The turning point came when she actually realized that she was the bottleneck of her own business. “I couldn’t keep scaling something that depended solely on me. I had to build something that could grow without me,” she said, adding that she ended up hiring people to help her with her projects.
She also evolved her strategy as she moved from just talking about what’s broken in the rehab world to working on solutions that can help fix it. Rebuildr is intended to be a “complete shift from localized reactive care to a proactive, holistic mode,” Cannon said, “combining consumer solutions, clinicians, education and the software to deliver it all at scale.”

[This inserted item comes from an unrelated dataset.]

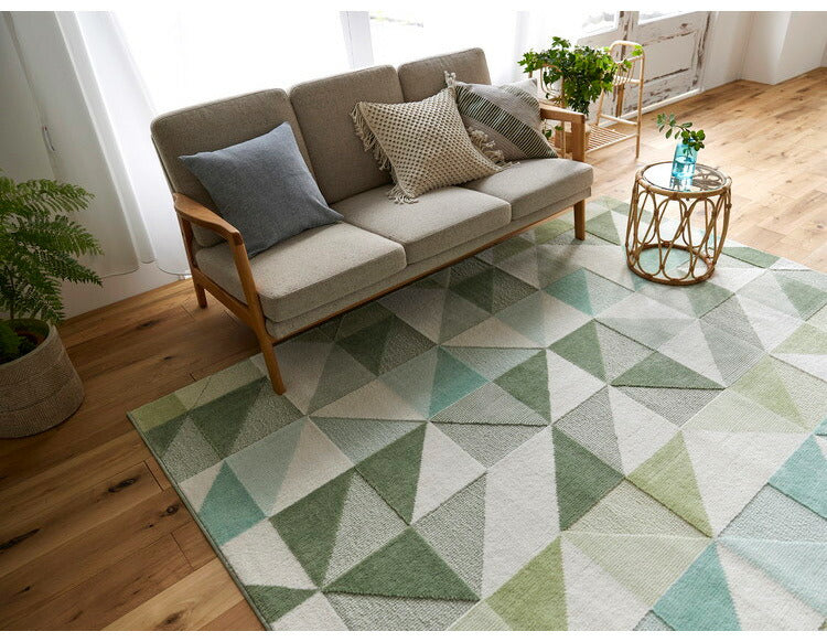 日本製 ラグ 190×240cm 防ダニ 滑り止め シーン 幾何学模様 リサイクルポリ素材使用 タフトラグ ベージュ ブルー グリーン パープル 国産 スミノエ Suminoe 北欧(代引不可)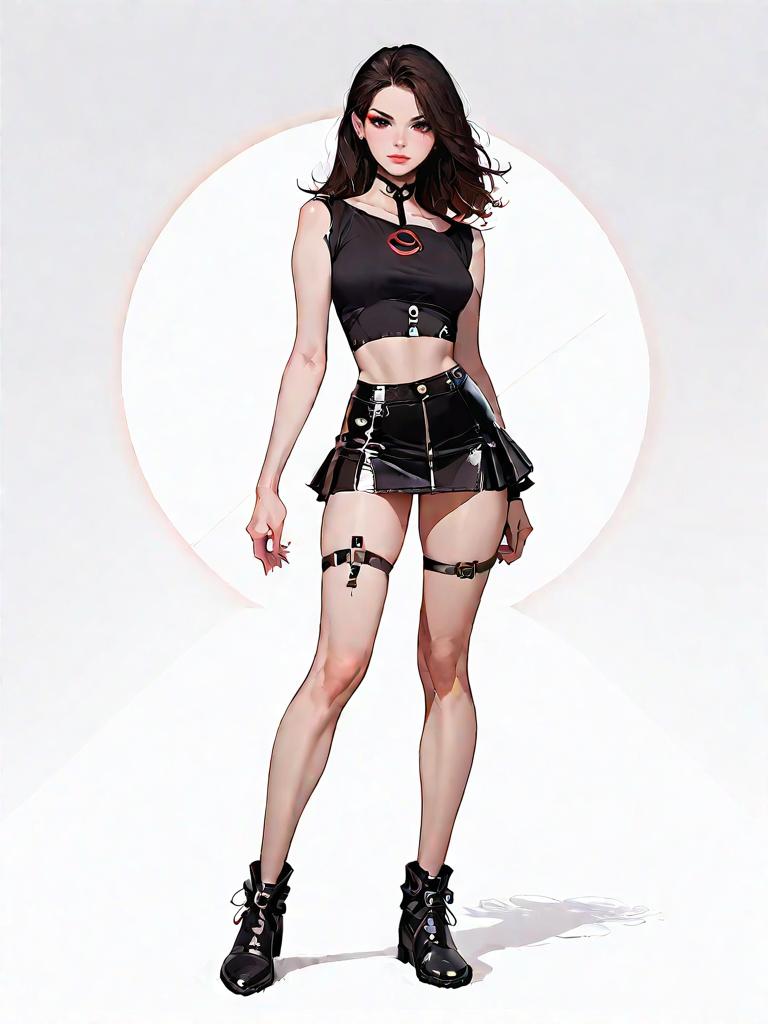1girl, source_comics, realistic face, full body shot, Woman, casual, navy and white horizontal striped short dress, neon yellow trim on neckline and sleeves, round neckline, short sleeves, fitted silhouette, above-the-knee length, black sunglasses.

She was introduced to the team at Slow Ventures through a friend who invited her to one of the company’s events in Austin. “I had no intention of raising capital,” she said. “I didn’t even look up. I didn’t even prepare a deck.” Still, she connected with Megan Lightcap, an investor at Slow, and told her about what she was building with Rebuildr.
“The conversation sparked something,” Cannon said, adding that Slow has helped her “imagine a version of Rebuilder that’s even bigger” than she imagined.
Other personal trainer software out there include TrainHeroic, Trainerize and Everfit. Rudder hopes her product, Rebuildr, fundamentally reshapes the rehab industry.
“I want to make high-quality rehab available anywhere in the world, not limited by geography, insurance or 30-minute appointments,” she said.